Key metrics include request counts by team/provider/model, costs, latencies, and the critical compliance counter.
I also implemented comprehensive audit logging to TimescaleDB, partitioned by time for efficient querying.
The tradeoff was development overhead—adding metrics to every code path. But the debugging benefits were immense, especially in production.
Circuit Breakers and Health Checks
Provider failures are inevitable, so I implemented circuit breakers that automatically fail over to healthy providers. After three consecutive failures, a provider is marked unhealthy for 60 seconds.
The fallback chain is: Anthropic → Azure OpenAI → Ollama (always available as final fallback).
This made the system resilient but added complexity in testing all failure scenarios.
Budget Enforcement: Pre-Flight Checks
To prevent cost overruns, I added per-team monthly budget caps with pre-flight cost estimation. Requests that would exceed the budget are rejected before any LLM processing occurs.
The system tracks spend in real-time and provides visibility through Prometheus gauges.
The challenge was accurate cost estimation, since actual costs depend on token counts. I solved this with conservative estimates and post-processing reconciliation.
Docker-Native Development
I made the entire development environment Docker-based—no host Python or Node installations required. This was crucial for consistency across development machines and CI/CD.

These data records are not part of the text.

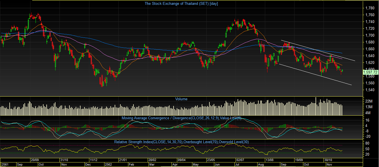 ระดับ 1600 จุด ลงมา อย่างไรก็ตาม หลังจากที่ดัชนีหลุดลงมาแล้วนั้น ได้เห็นแรงซื้อกลับเข้ามา ทำให้ดัชนีฟื้นตัวขึ้นมาบ้าง เกิดเป็นรูปแบบแท่งเทียน “Hammer” ซึ่งต้องมาดูกันว่าแรงซื้อที่เข้ามานั้น แข็งแกร่งพอที่จะพาดัชนีกลับไปยืนเหนือ 1600 จุด ได้อีกครั้งหรือไม่? หากยืนได้ ก็มีความเป็นไปได้ที่ จะเห็นการฟื้นตัว (Technical Rebound) แต่ถ้าหาก ไม่สามารถฟื้นตัวใดๆเลย เป็นไปได้ว่า ดัชนีจะร่วงหล่นลงไปทดสอบ กรอบแนวรับล่าง
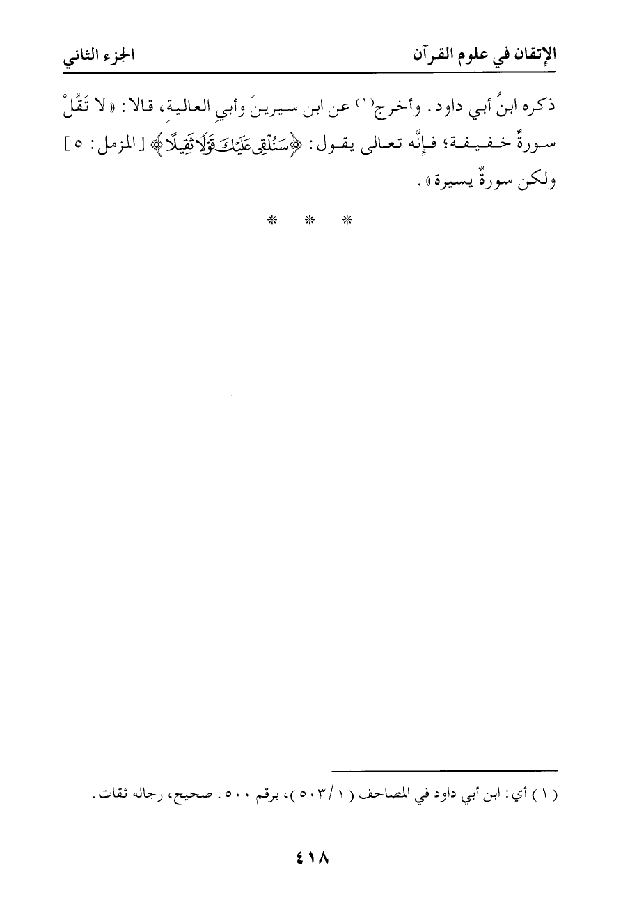 831 وأخرج عن ابن سيرين وأبي العالية قالا لا تقل سورة خفيفة فإنه تعالى يقول { سنلقي عليك قولا ثقيلا } ولكن سورة يسيرة
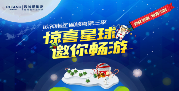 以“惊喜星球”为主题的2017欧神诺圣诞节,令人充满畅想的空间。四大主题星球的游历体验,增添了活动视觉吸引力与话题感。在活动内容上,欧神诺通过公益(爱心星球)、瓷砖DIY大赛(爱家星球)、旅行(遇见星球)、优惠(钜惠星球)四大方面,从社会活动,社交媒体,产品品牌形象,都有深化的呈现,丰富的互动形式,更可多方面吸引不同的粉丝和消费者关注。
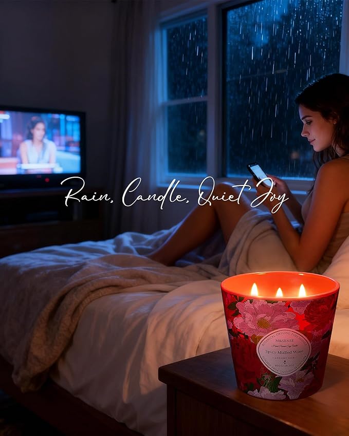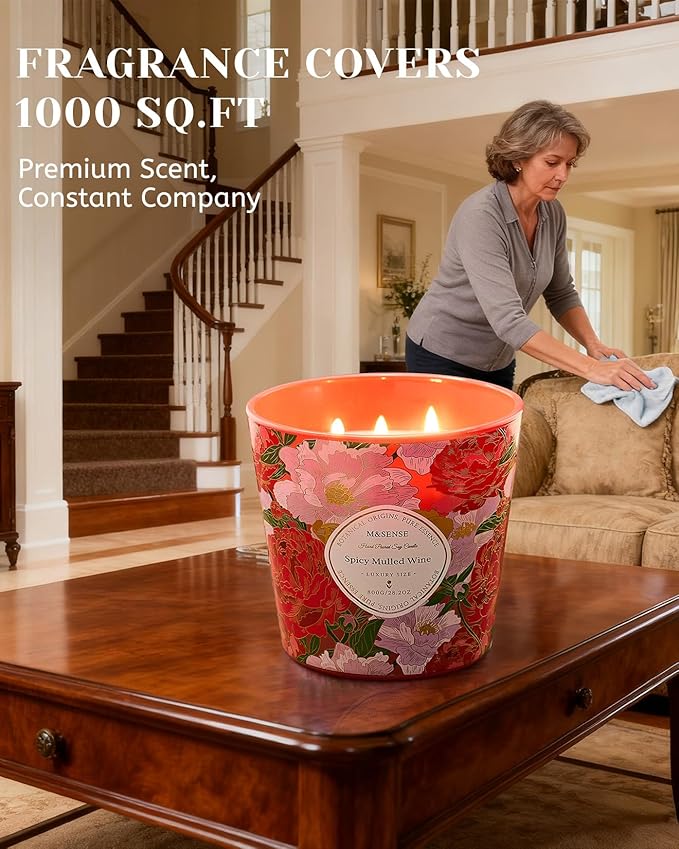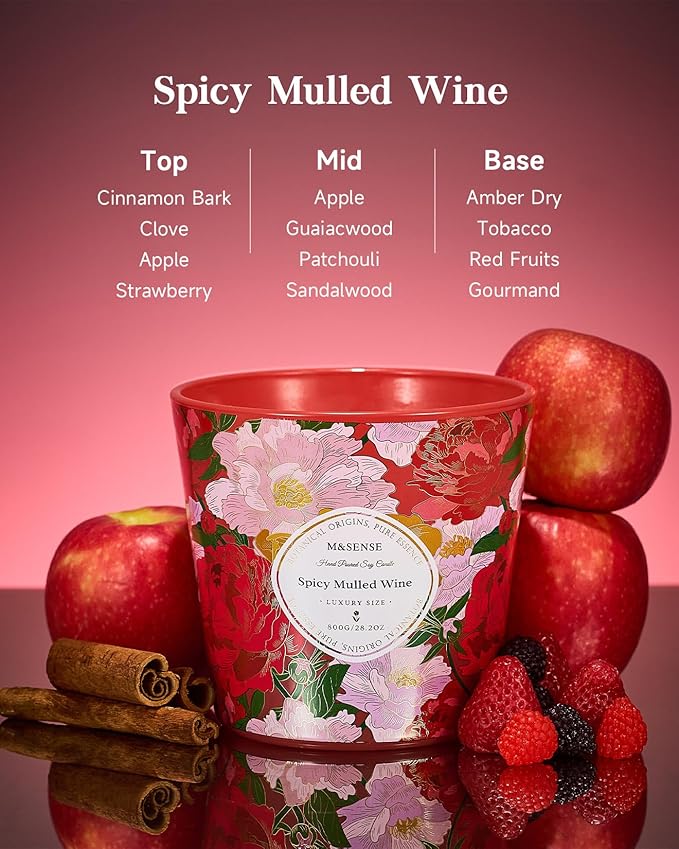 M&SENSE Spicy Mulled Wine Scented Candle, 28.2oz 3 Wick Natural Soy Wax Large Candles, Long Lasting Clean Slow Burning No Toxic Décor for Home Relaxation, Romantic Dates & Gift-Giving
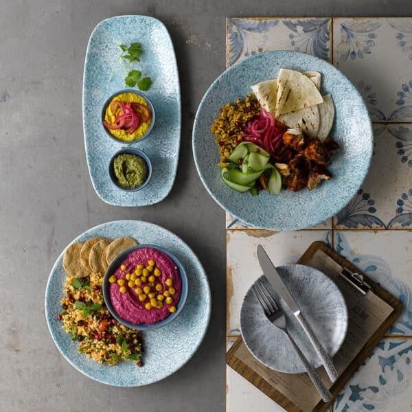 • Available in the Aquamarine colourway on two deep plates and two oblongs

The tradeoff was slower builds and more complex debugging, but the reproducibility benefits outweighed these costs.
The Scaling Path
One of the design principles was to make scaling infrastructure-only, not requiring code changes. The system can scale from a single Docker Compose setup to Kubernetes replicas by just adding more containers.
For GPU acceleration, I designed the router to support vLLM as a tier 2 provider, which can be enabled by uncommenting configuration.
Tradeoffs and Lessons Learned
Building Aegis taught me that enterprise software requires balancing technical excellence with operational constraints. The biggest tradeoff was speed vs. security, every protection layer added latency, but compliance requirements made them non-negotiable.
I also learned that deterministic systems are easier to operate than probabilistic ones. While ML could have made some components smarter, the debugging and compliance benefits of rules-based logic were worth the tradeoffs.
The async job model was controversial internally—some wanted synchronous APIs—but it enabled the scalability and reliability that enterprise customers demanded.
Looking Forward
Aegis has proven that you can build enterprise-grade AI infrastructure without sacrificing developer experience. The provider-agnostic design means it can evolve with the AI landscape, and the strong compliance foundations give organizations confidence to adopt AI more broadly.
The next challenges will be around multi-modal inputs, more sophisticated routing algorithms, and integration with existing enterprise identity systems. But the core architecture—governance through abstraction, compliance through invariants, and optimization through intelligence will remain the same.